After the killing fields

Cambodians today are looking for explanations for the disasters that have befallen their country, not least through the trials of former leaders of the communist Khmers rouges, writes David Tresilian from the capital Phnom Penh

Click to view caption
Photographs of prisoners from the hundreds on display at the Tuol Sleng Museum in Phnom Penh. Some 14,000 people were killed there by the Khmers rouges

Foreign visitors to Cambodia today tend to stay in Siem Reap, a small town in the north-west of the country from which they can explore the magnificent temples at Angkor. Built by Cambodian, or Khmer, kings between the 10th and 13th centuries, the temples have long served as symbols of Cambodian nationhood, and they are among the most important monuments in the region.

Siem Reap is reminiscent of Luxor in scale and character, and, like its Egyptian counterpart, it owes its prosperity to monuments and temples that attract tourists from across the world to what is otherwise still a sometimes little-understood and certainly under-appreciated country.

However, few such visitors may be aware that just a few decades ago Siem Reap, like the rest of the country's north-western region, was under the control of the Khmers rouges, Cambodian communist party forces or "Red Khmers", whose period in government in the 1970s made them a kind of by-word for brutality.

From April 1975, when Khmer rouge forces overthrew the US-backed Cambodian government in the capital Phnom Penh, to their own overthrow at the hands of invading Vietnamese forces in 1979, up to 1.7 million people are believed to have died as a result of Cambodian communist party rule of the country then dubbed Democratic Kampuchea.

Some of these people were murdered by the regime, dying on the infamous "killing fields" where anyone suspected of opposing Khmer rouge rule was bludgeoned to death. Others died of starvation or sickness in a country in which forced labour became the norm, and where communist party rule, supposedly aimed at economic self-sufficiency and industrial development, succeeded in turning the country into a kind of vast labour camp.

Communist party authorities carried out a bizarre experiment in social engineering, involving the forced evacuation of urban areas -- two million are believed to have been evacuated from Phnom Penh alone to work on labour camps in the countryside -- the abolition of money, the destruction of the family and the attempted eradication of religion, the aim being to transform the country along Maoist lines and carry out a kind of irreversible revolution.

Anyone visiting Cambodia 30 years later, struck perhaps by the unearthly beauty of the countryside and the grace and friendliness of the people, will want to know how such a nightmare could have descended on this country of some 14 million people and what steps are being taken to bring those responsible to justice.
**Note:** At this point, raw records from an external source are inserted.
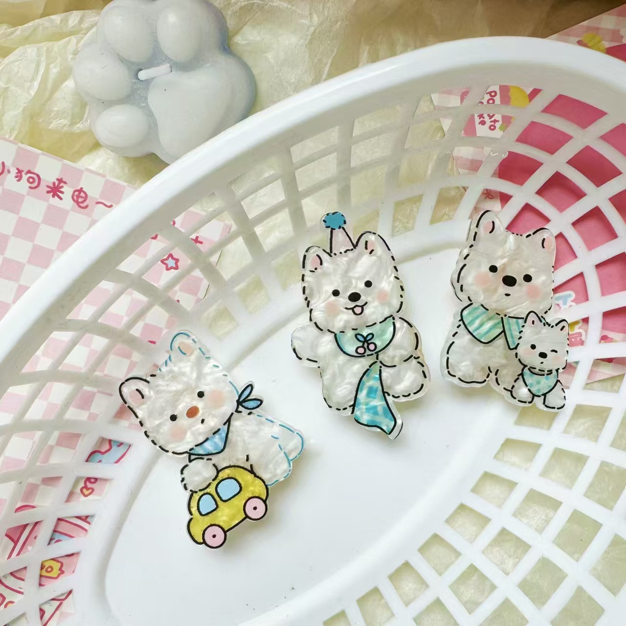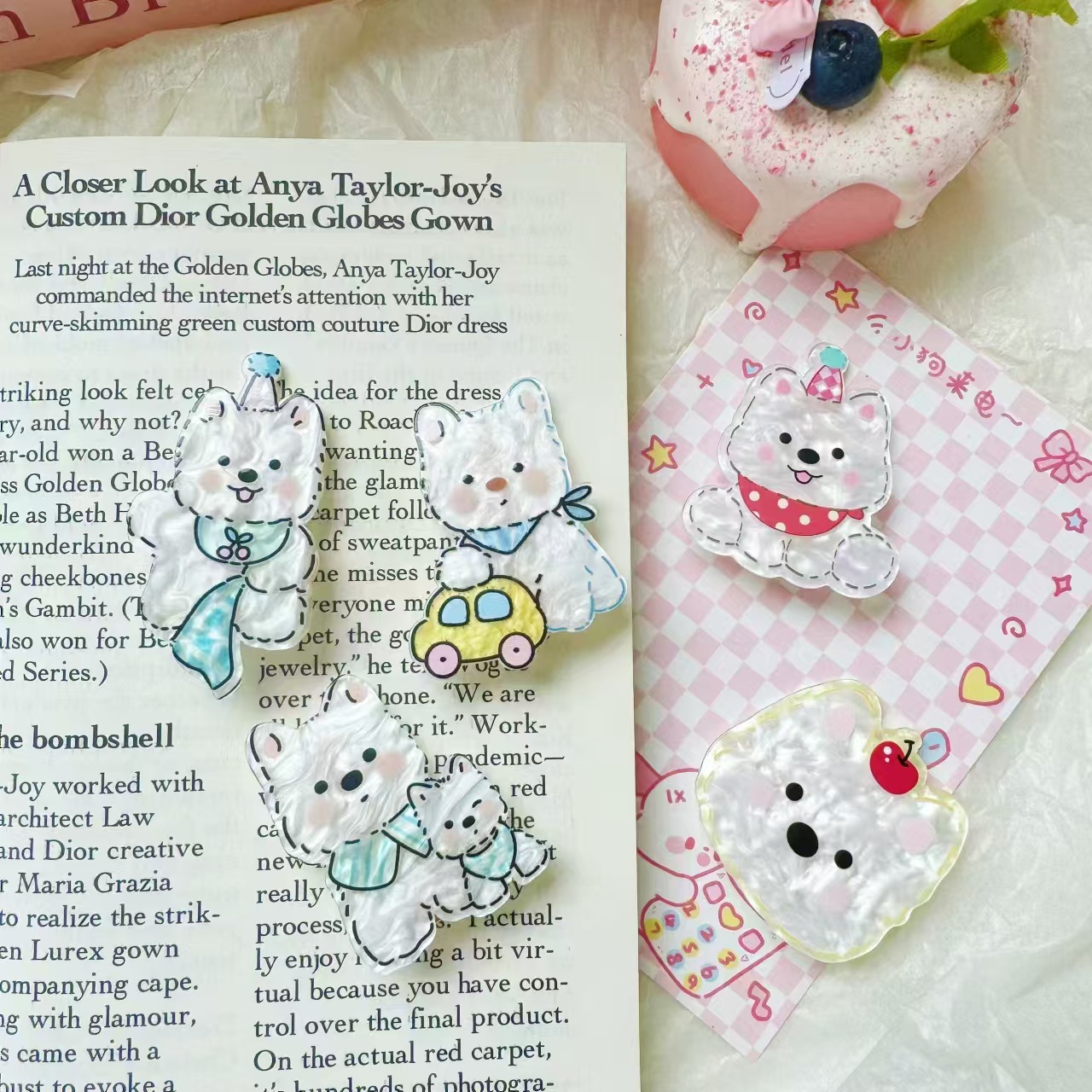 새로운 아크릴 웨스트 하이랜드 강아지 헤어핀 달콤한 귀여운 소녀 뱅 사이드 클립 만화 헤어핀 헤어 액세서리
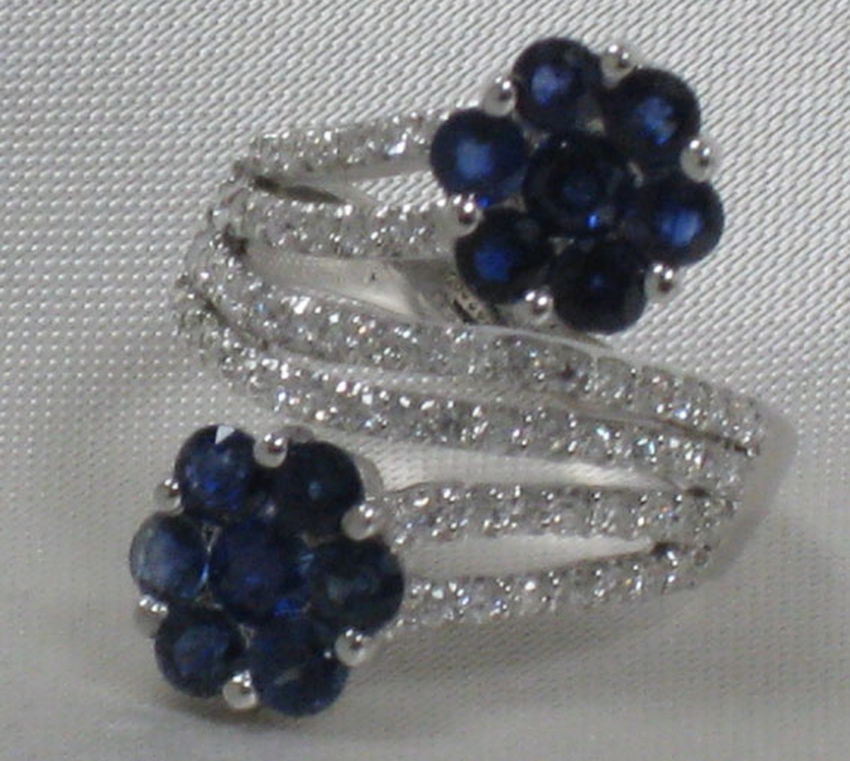 BAGUE ajourée "double-fleur" en or blanc ornée de 14 saphirs ronds de 1,95 carats environ et agrémentée de 63 diamants blancs de taille moderne de 0.5 carat environ.
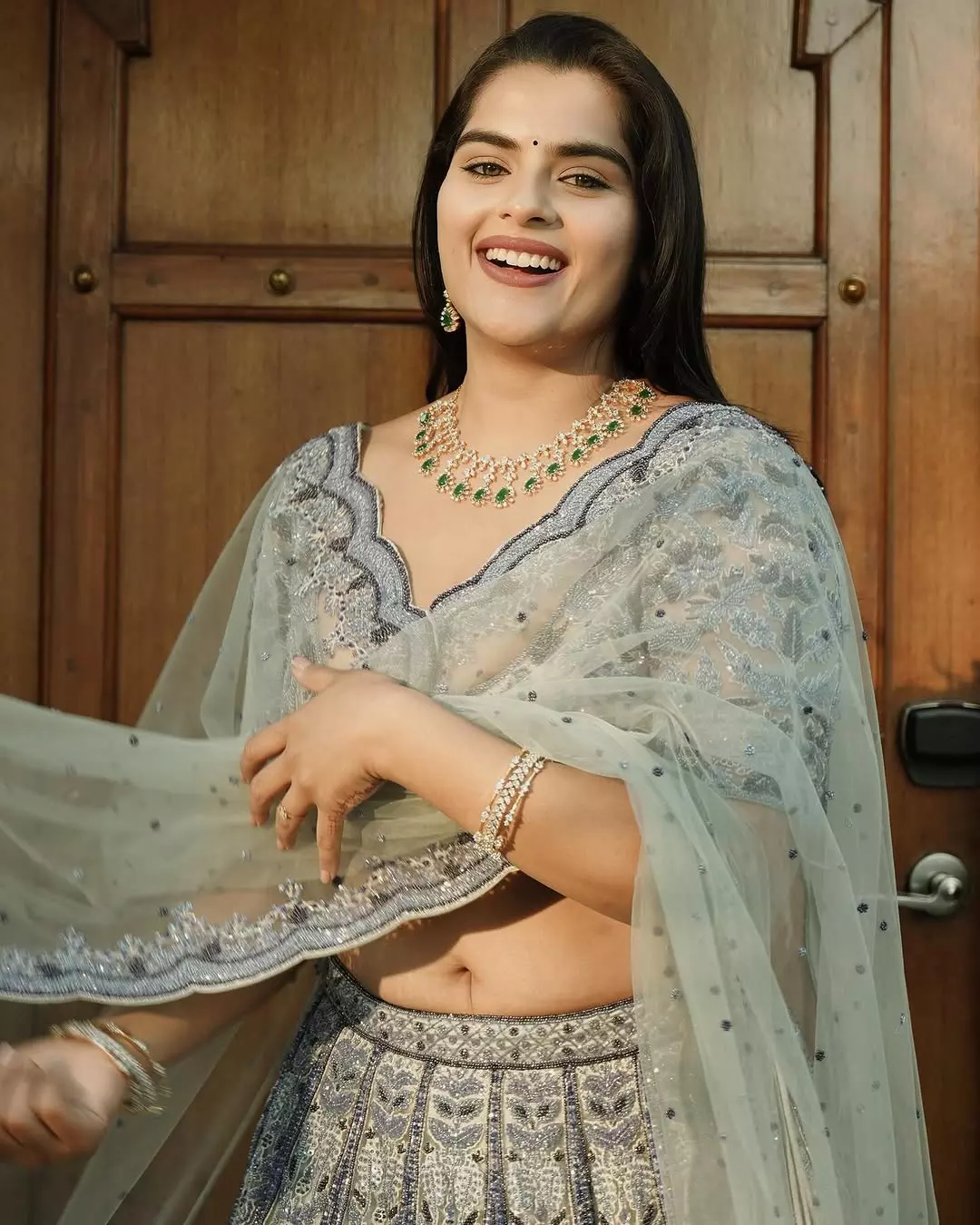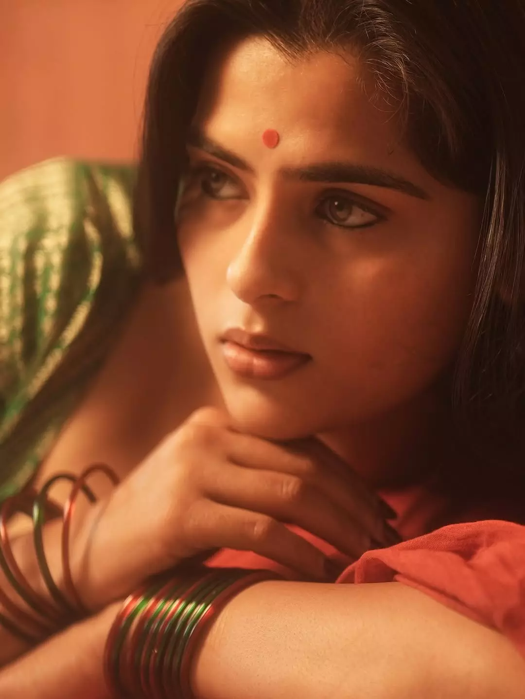 Kavya Kalyanram radiated ethereal charm in this captivating portrait, captioned LEFTOVERS . . . . , evoking a sense of nostalgic allure. Bathed in warm amber lighting, she gazed thoughtfully with expressive eyes, a vibrant red bindi adorning her forehead, and multiple colorful glass bangles adorning her arms. Draped in a traditional green and red saree blouse, the close-up highlighted her natural grace and cultural elegance, blending innocence with quiet intensity in a beautifully intimate frame.
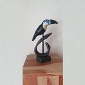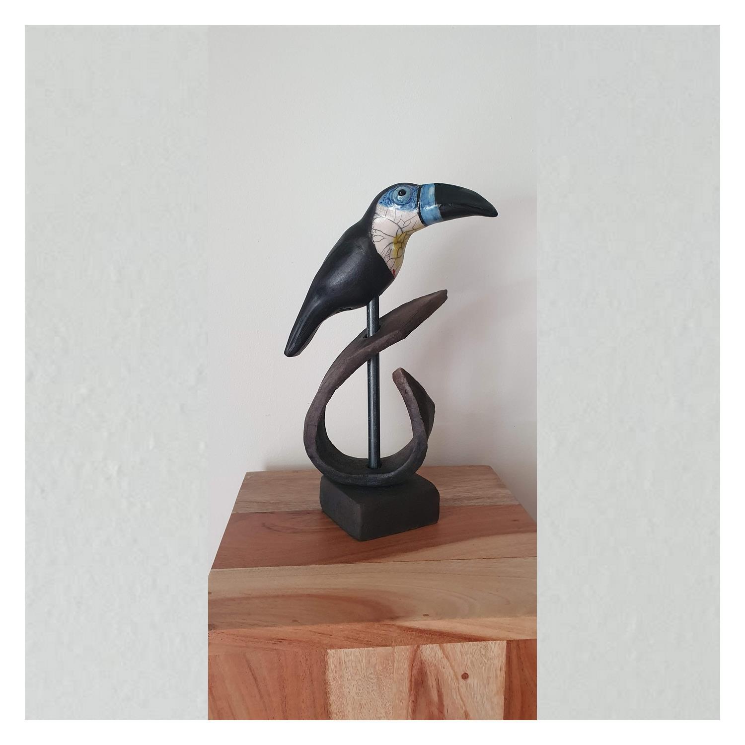 L'artiste a utilisé différentes techniques pour créer cette sculpture petit format au style singulier. Manchot du Cap 1 avec son oeuf
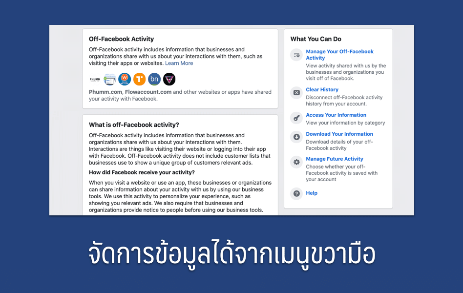 จะพบกับหน้า Off-Facebook Activity ซึ่งจะมีเมนูสำหรับจัดการข้อมูลดังกล่าวที่ด้านขวามือ
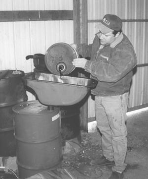 A big advantage of using the large tractor oil pan is that Miller can pour a 5-gal. can of oil into it without having to wait for it to drain down.
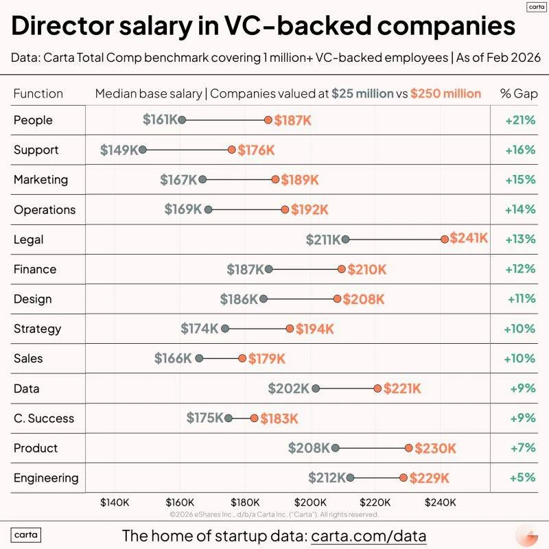 Зарплаты директоров в американских стартапах с капитализацией 25M vs. 250M
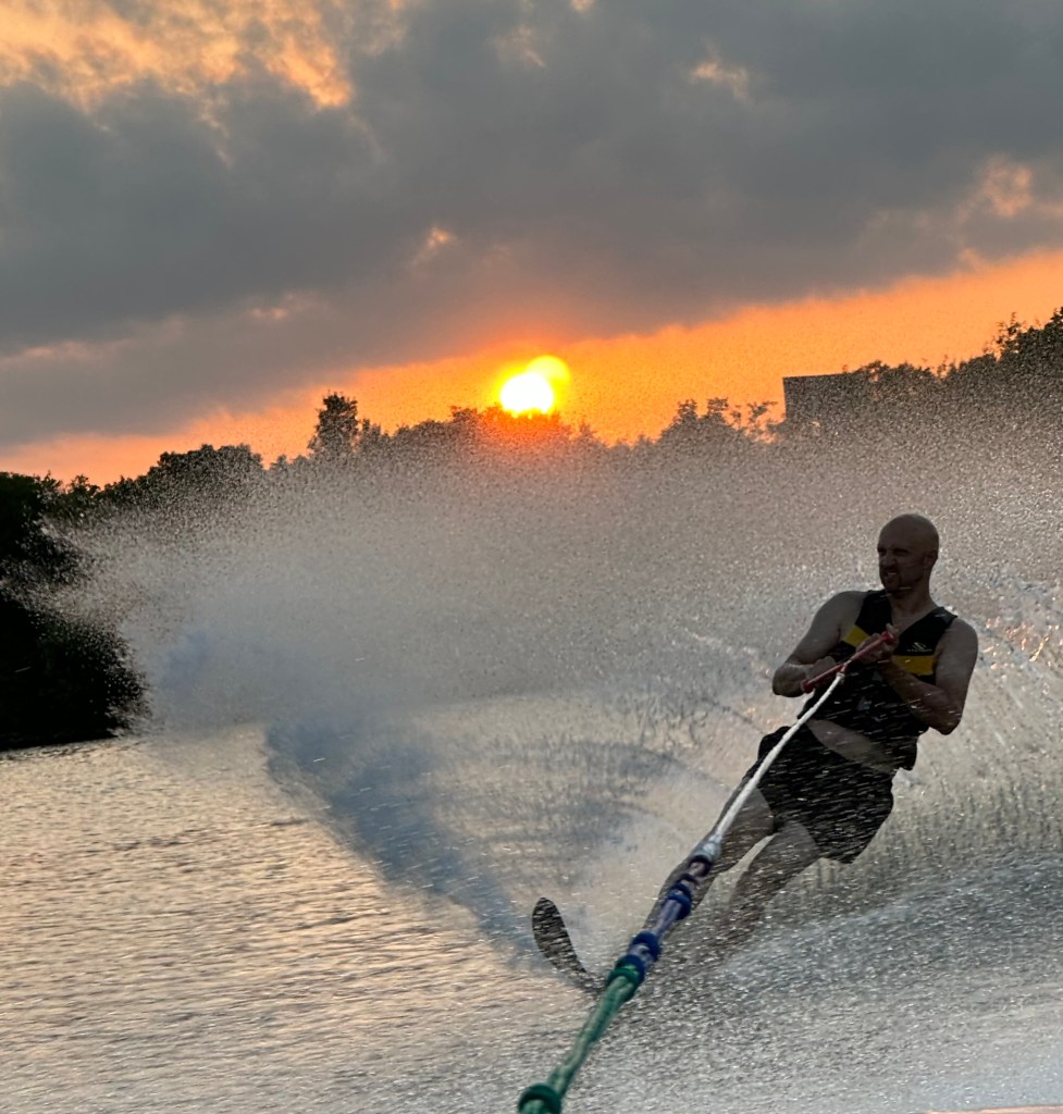 One of the hardest shots I’ve ever taken — Jamie skiing with sunset over the spray – July 2023
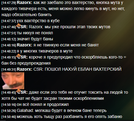 [19:44:25] Puki: CSR: давай забаним эту гнилую крысу раз и навсегда за пиздёшь [19:44:47] CSR: Galahad: да за такой пиздежь не видать ему модерки [19:45:56] CSR: Galahad: этот крыс сам удалил акк чтобы обвинить меня что я снял [19:46:04] CSR: Galahad: такое не прощу
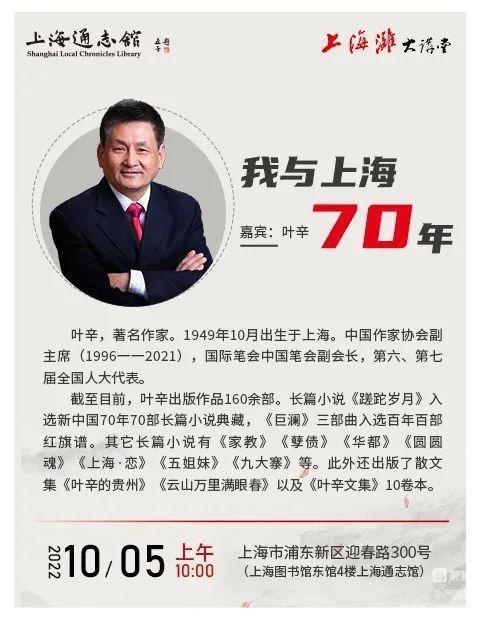 在欢度共和国73年华诞的节日里,2022年10月5日上午10时,上图东馆的上海通志展示馆举办开馆后的第一场【上海滩大讲堂】由著名作家叶辛老师为大家讲述“我与上海70年”,与共和国同步见证大上海变迁。
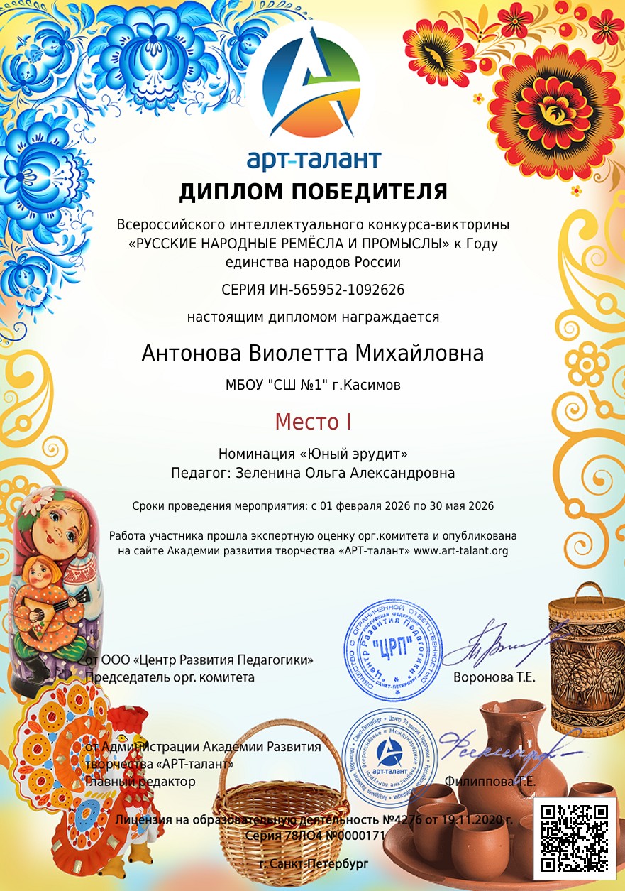 Всероссийский интеллектуальный конкурс-викторина «РУССКИЕ НАРОДНЫЕ РЕМЁСЛА И ПРОМЫСЛЫ» к Году единства народов России
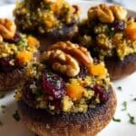 Enjoy the comforting flavors of fall with these Autumn Harvest Stuffed Portobello Mushrooms. Packed with quinoa, butternut squash, cranberries, and walnuts, this dish brings a delightful balance of savory and sweet—perfect as a hearty vegetarian main or side.
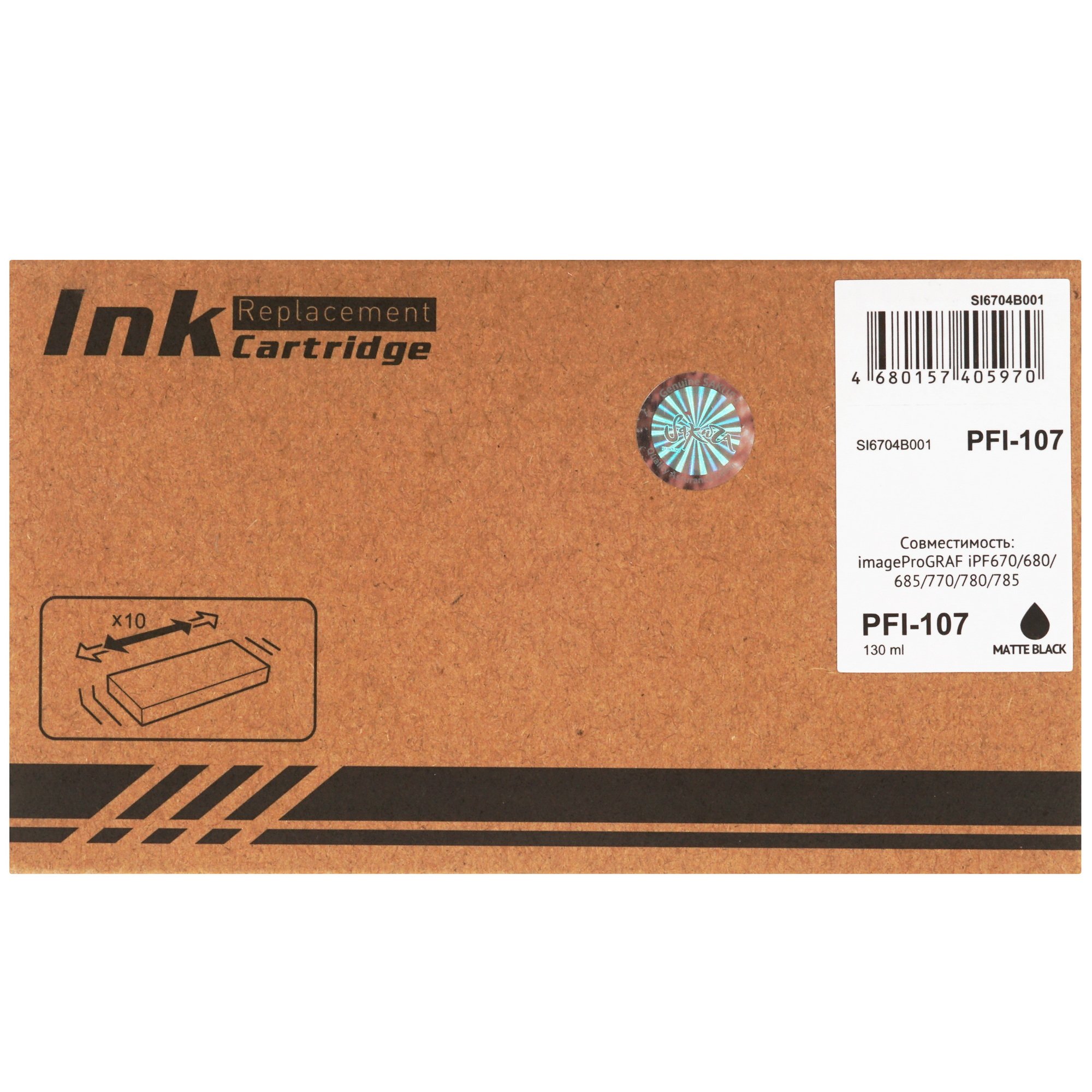 Картридж Sakura 6704B001 (PFI-107 MBK) имеет объем 130 мл. Он гарантирует стабильную и бесперебойную работу техники на протяжении всего ресурса службы. Конструкция картриджа делает удобным процесс установки и замены после использования.
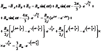 Каждый из токов создает пульсирующее магнитное поле, направленное вдоль оси своих катушек. Вектор магнитной индукции катушек пропорциональны токам катушек
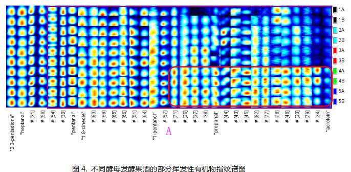 1) 區域A標出的揮發性有機物如acrolein(丙烯醛)、propanal(丙醛)、1-pentanol(丙醇)、1,8-cineole(1,8-桉樹腦)、pentanal(戊醛)等物質隨著5種酵母的不同,發酵后果酒中這類揮發性有機物的含量逐漸增加,其中紅框圈出的物質在1號、2號和3號酵母中的含量較低,而在4號和5號酵母發酵的果酒中含量最高。

Such questions have a better chance of being answered today than they have had at any time since the collapse of the Khmer rouge regime in 1979. Starting in February this year after decades of delay, a UN-sponsored mixed tribunal made up of Cambodian and international judges has been trying surviving senior members of the regime that ruled Democratic Kampuchea for crimes against humanity and on other lesser charges.

While the tribunal has attracted criticism, with neither the Cambodian authorities nor the UN nor international human rights agencies apparently always being happy with the results, it has had the effect of opening the events of 30 years ago up to inspection in a country that has sometimes seemed too traumatised by the past to look too deeply into it.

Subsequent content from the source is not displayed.